Search is an important technique in program synthesis that allows for adaptive strategies such as focusing on particular search directions based on execution results. Several prior works have demonstrated that neural models are effective at guiding program synthesis searches. However, a common drawback of those approaches is the inability to handle iterative loops, higher-order functions, or lambda functions, thus limiting prior neural searches from synthesizing longer and more general programs. We address this gap by designing a search algorithm called LambdaBeam that can construct arbitrary lambda functions that compose operations within a given DSL. We create semantic vector representations of the execution behavior of the lambda functions and train a neural policy network to choose which lambdas to construct during search, and pass them as arguments to higher-order functions to perform looping computations. Our experiments show that LambdaBeam outperforms neural, symbolic, and LLM-based techniques in an integer list manipulation domain.

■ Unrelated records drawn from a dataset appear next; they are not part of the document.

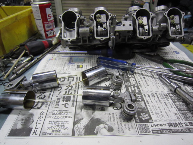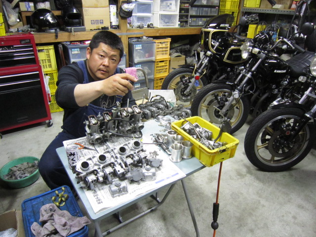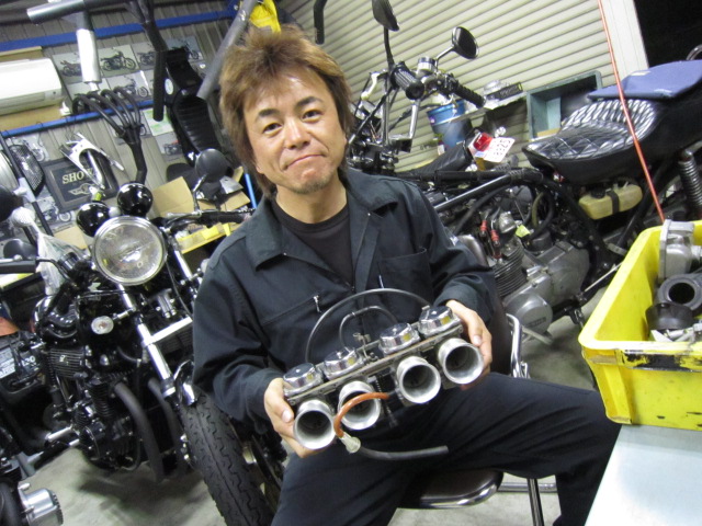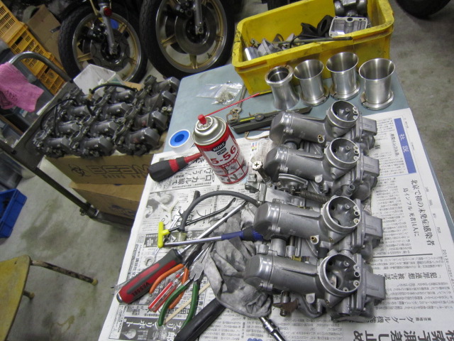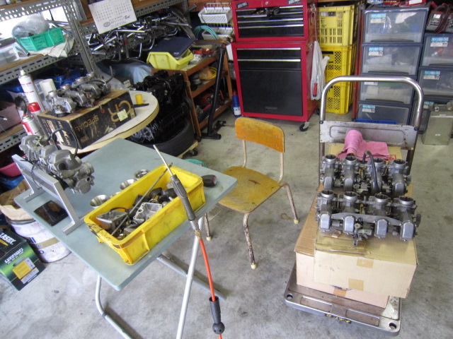 作業します・・・が、管理人が遊びに来たと思いきや、こいつもキャブをさげて来てるじゃないか!!!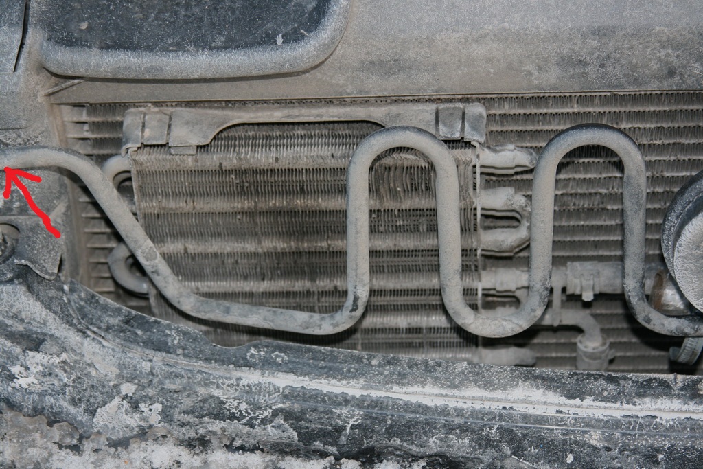 Она почему-то соприкосалась с пластиком в месте заправки кондея, видимо от вибрации и перетерлась (не перерубило, а от трения образовалась маленькая дырочка, как от иглы))). Сам я машину не бил еще))), следов аварии спереди тоже не вижу. ну х.з.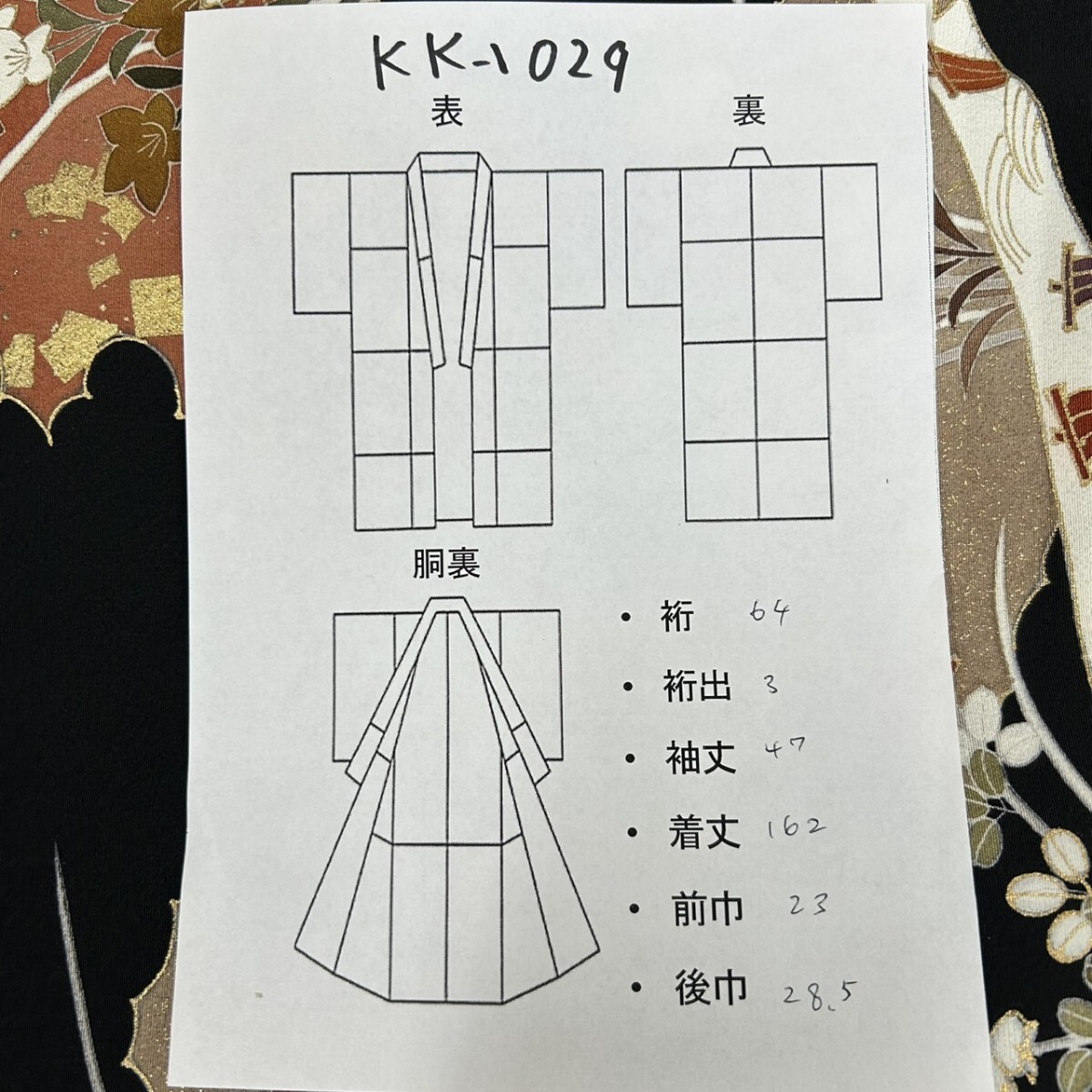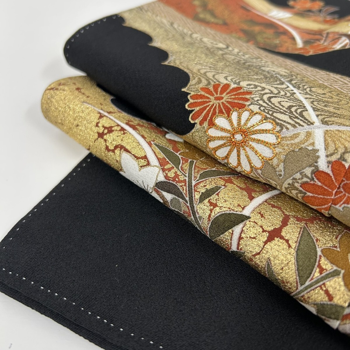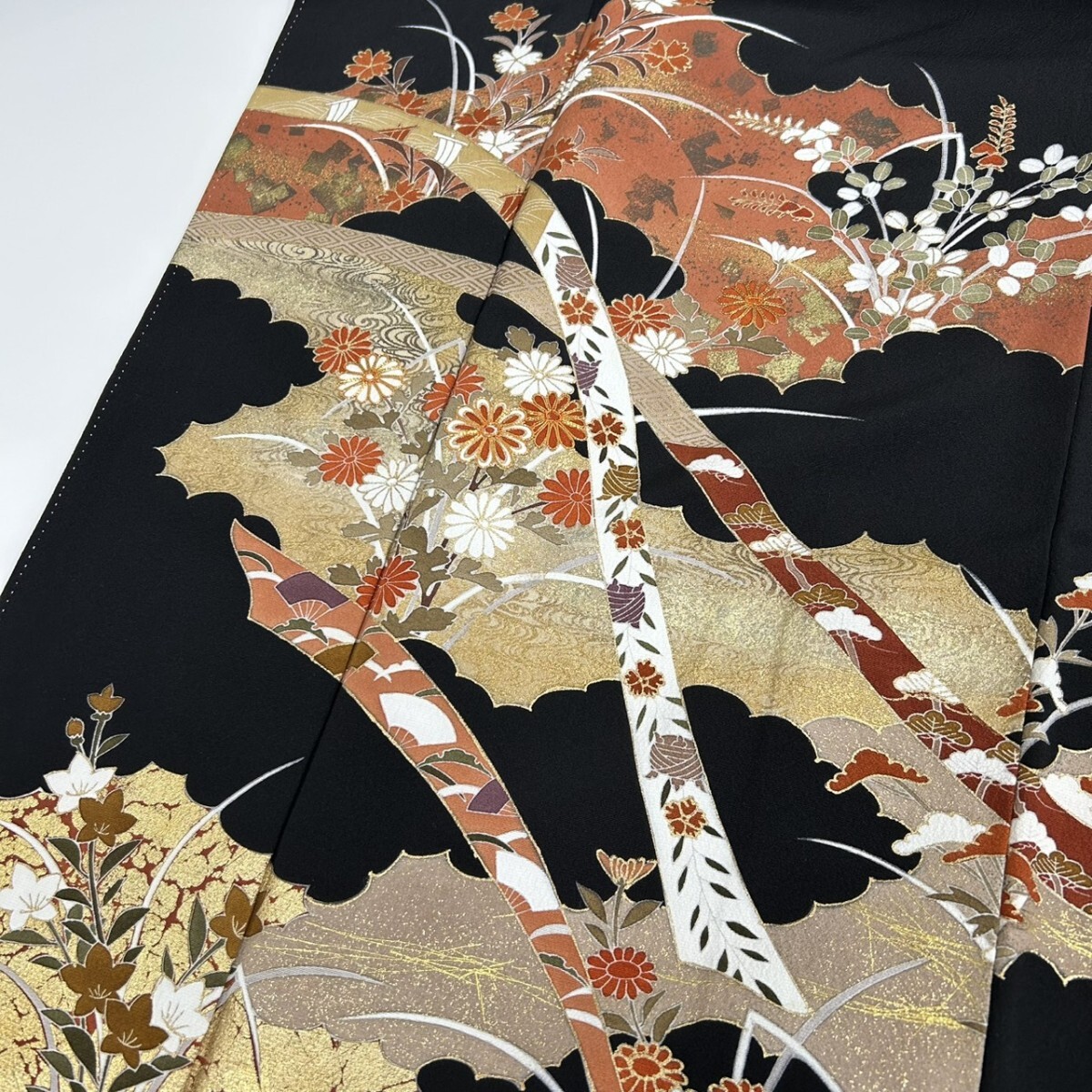 【楓】黒留袖 正絹 上品な加工 箔押し 比翼 袷 着物 KK-1029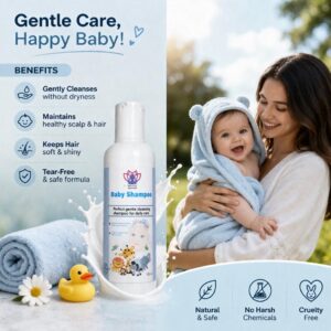 🌿 Mild & Safe – Specially formulated for babies’ delicate hair and sensitive scalp.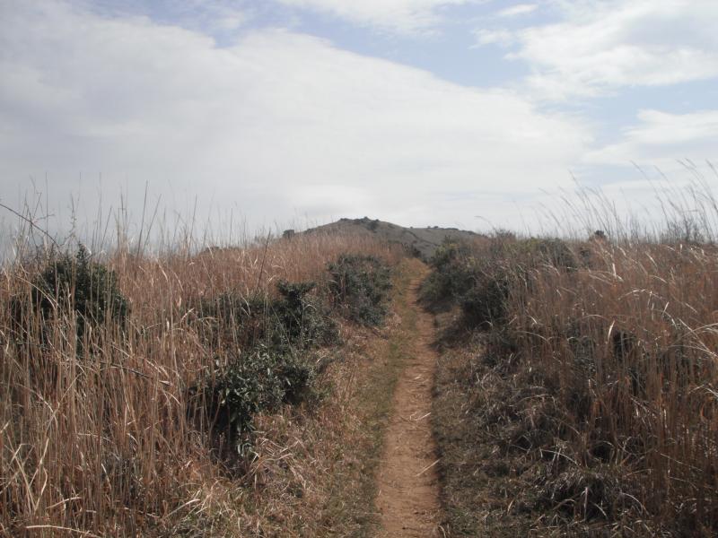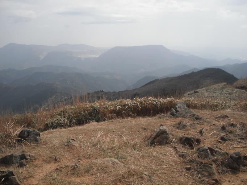 ひいこら言って登山道に戻り、急登を登っていくと、ぽっかり空が開けます。山頂付近は草原状になっていて、気持ちの良い場所です。山頂からは尺岳方面や牛斬山方面の縦走路や石灰採取で平らになった香春岳一ノ岳が見渡せました。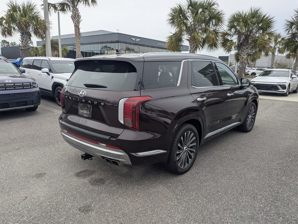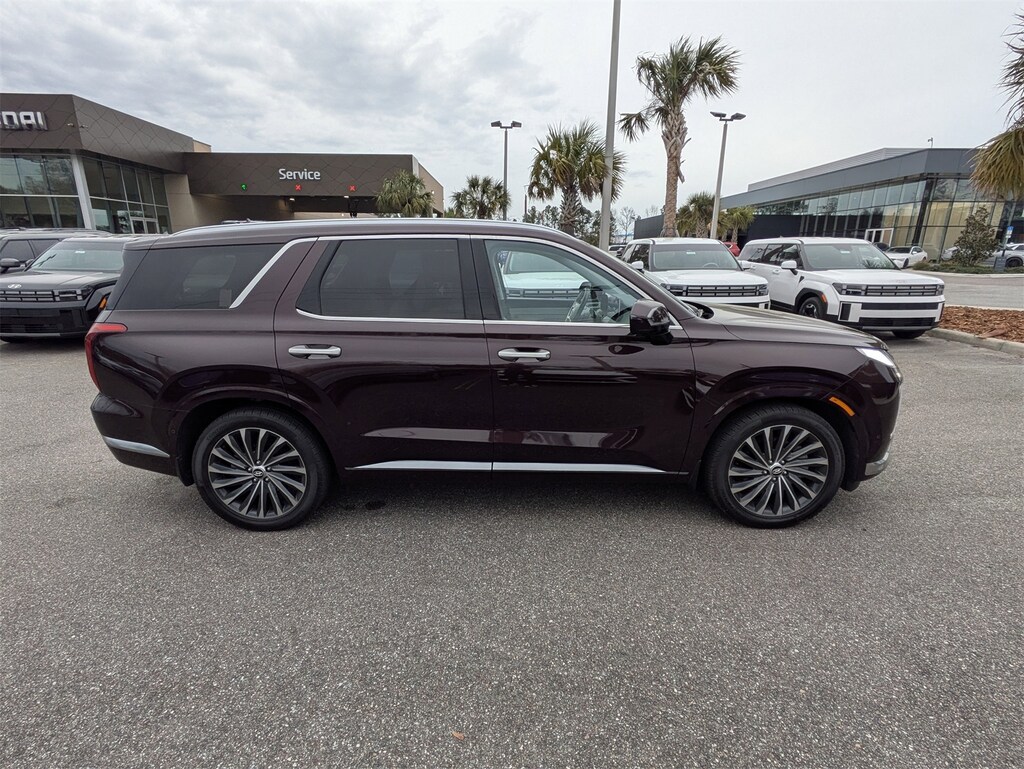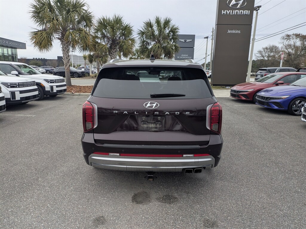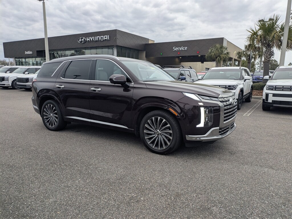 The price does not include tax, tag, license, an electronic filing fee of $449.00**, a private tag agency fee of $199.00**, and a predelivery service charge of $1199.00** **This charge represents costs and profit to the dealer for items such as inspecting, cleaning, and adjusting vehicles, as well as preparing documents related to the sale. * EPA-estimate metric: these are contingent on ideal conditions within a lab. Real-world situations such as carrying passengers or cargo, using climate control, driving style, and ambient temperatures can affect actual metrics. 19/27 City/Highway MPG CARFAX One-Owner. This 2023 Hyundai Palisade Calligraphy in Sierra Burgundy features Option Group 01, Winter Package (All-Season Fitted Liners and Splash Trim), 12 Speakers, 3.510 Axle Ratio, 3rd row seats: split-bench, 4-Wheel Disc Brakes, ABS brakes, Air Conditioning, Alloy wheels, AM/FM radio: SiriusXM, Apple CarPlay & Android Auto, Auto High-beam Headlights, Auto-dimming door mirrors, Auto-dimming Rear-View mirror, Auto-leveling suspension, Automatic temperature control, Brake assist, Bumpers: body-color, Cargo Net, Cargo Tray, Carpeted Floor Mats, Compass, Delay-off headlights, Driver door bin, Driver vanity mirror, Dual front impact airbags, Dual front side impact airbags, Electronic Stability Control, Emergency communication system: Blue Link Connected Car Service (3-year complimentary subscription), Exterior Parking Camera Rear, First Aid Kit, Four wheel independent suspension, Front anti-roll bar, Front Bucket Seats, Front Center Armrest, Front dual zone A/C, Front reading lights, Fully automatic headlights, Garage door transmitter: HomeLink, harman/kardon® Speakers, Heads-Up Display, Heated & Ventilated Front Bucket Seats, Heated door mirrors, Heated front seats, Heated rear seats, Heated steering wheel, Illuminated entry, Knee airbag, Low tire pressure warning, Memory seat, Navigation System, Occupant sensing airbag, Outside temperature display, Overhead airbag, Overhead console, Panic alarm, Passenger door bin, Passenger vanity mirror, Power door mirrors, Power driver seat, Power Liftgate, Power moonroof, Power passenger seat, Power steering, Power windows, Premium Nappa Leather Seat Trim, Radio data system, Radio: AM/FM/MP3 Premium Audio System, Rain sensing wipers, Rear air conditioning, Rear anti-roll bar, Rear audio controls, Rear reading lights, Rear side impact airbag, Rear window defroster, Rear window wiper, Reclining 3rd row seat, Remote keyless entry, Security system, Speed control, Speed-sensing steering, Split folding rear seat, Spoiler, Steering wheel mounted audio controls, Tachometer, Telescoping steering wheel, Tilt steering wheel, Traction control, Trip computer, Turn signal indicator mirrors, Variably intermittent wipers, Ventilated front seats, Ventilated rear seats, and Wheels: 20" x 7.5J Calligraphy Exclusive Alloy . Visit our showroom 24/7 at Jenkinshyundaiofjacksonville or call 904-420-3100. FWD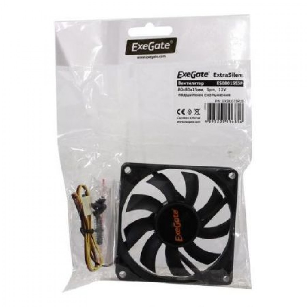 Вентилятор 80 x 80 x 15, 3 pin, 12V, 1600 об/мин, втулка, кабель 30 см, Exegate (ES08015S3P)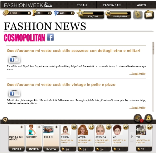 A partire dal 16 settembre, in concomitanza con la settimana della moda milanese, Cosmopolitan fornirà una selezione di contenuti moda per la versione italiana delle News di Fashion Week Live, contribuendo in maniera determinante a rendere l’esperienza di gioco ancora più realistica e garantendo ai propri utenti aggiornamenti sulle ultimissime dal mondo della moda.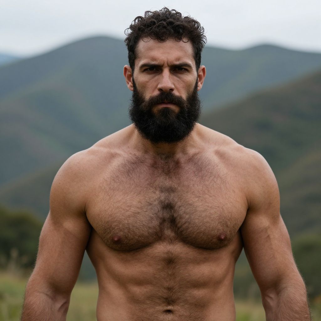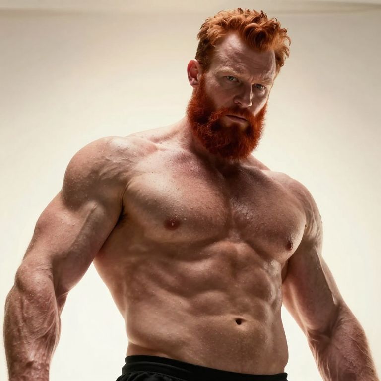 Style full shot, bottom-up view, bodybuilder, fairy skin, red hair, red beard, emerging from the light, cinematic,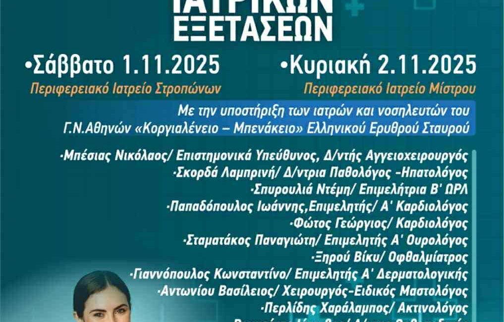 - Το Σάββατο 1 Νοεμβρίου 2025 στο Περιφερειακό Ιατρείο Στροπώνων και ώρα 10:30 &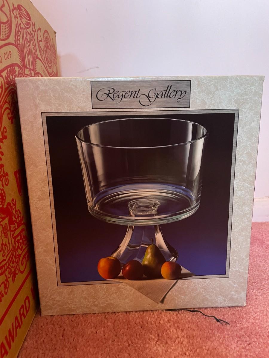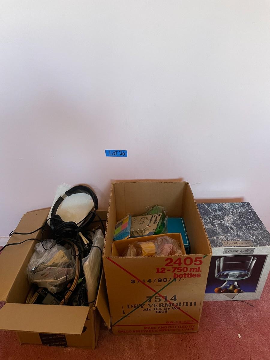 Lot 20- Regent gallery glass bowl, box of misc. candles, headphones, box of misc. cords and wires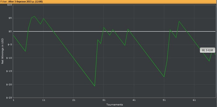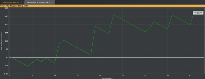 Вчера только доиграл очередную пачку турниров и ... пропал интернет. Появился только сегодня утром. Сыграл мало и в небольшой минус: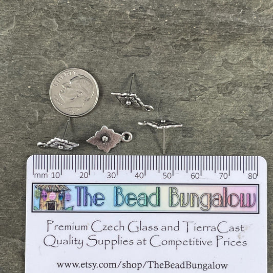 TierraCast Reina Earring Post, Antiqued Silver Diamond Shaped, Floral Theme Titanium Post Earring (PF/428-77) * Qty. 4

翻译：搜索是程序合成中的重要技术，它允许根据执行结果聚焦特定搜索方向等自适应策略。多项先前研究已证明神经网络模型能有效指导程序合成搜索。然而，这些方法的常见缺陷是无法处理迭代循环、高阶函数或lambda函数，从而限制了先前神经搜索方法在合成更长及更通用程序方面的能力。我们通过设计名为LambdaBeam的搜索算法来弥补这一空白，该算法能够构建任意lambda函数，并组合给定DSL内的操作。我们创建了lambda函数执行行为的语义向量表示，并训练神经策略网络在搜索过程中选择要构建的lambda表达式，将其作为参数传递给高阶函数以执行循环计算。实验表明，在整数列表操作领域，LambdaBeam的性能优于基于神经网络、符号方法及大语言模型的技术。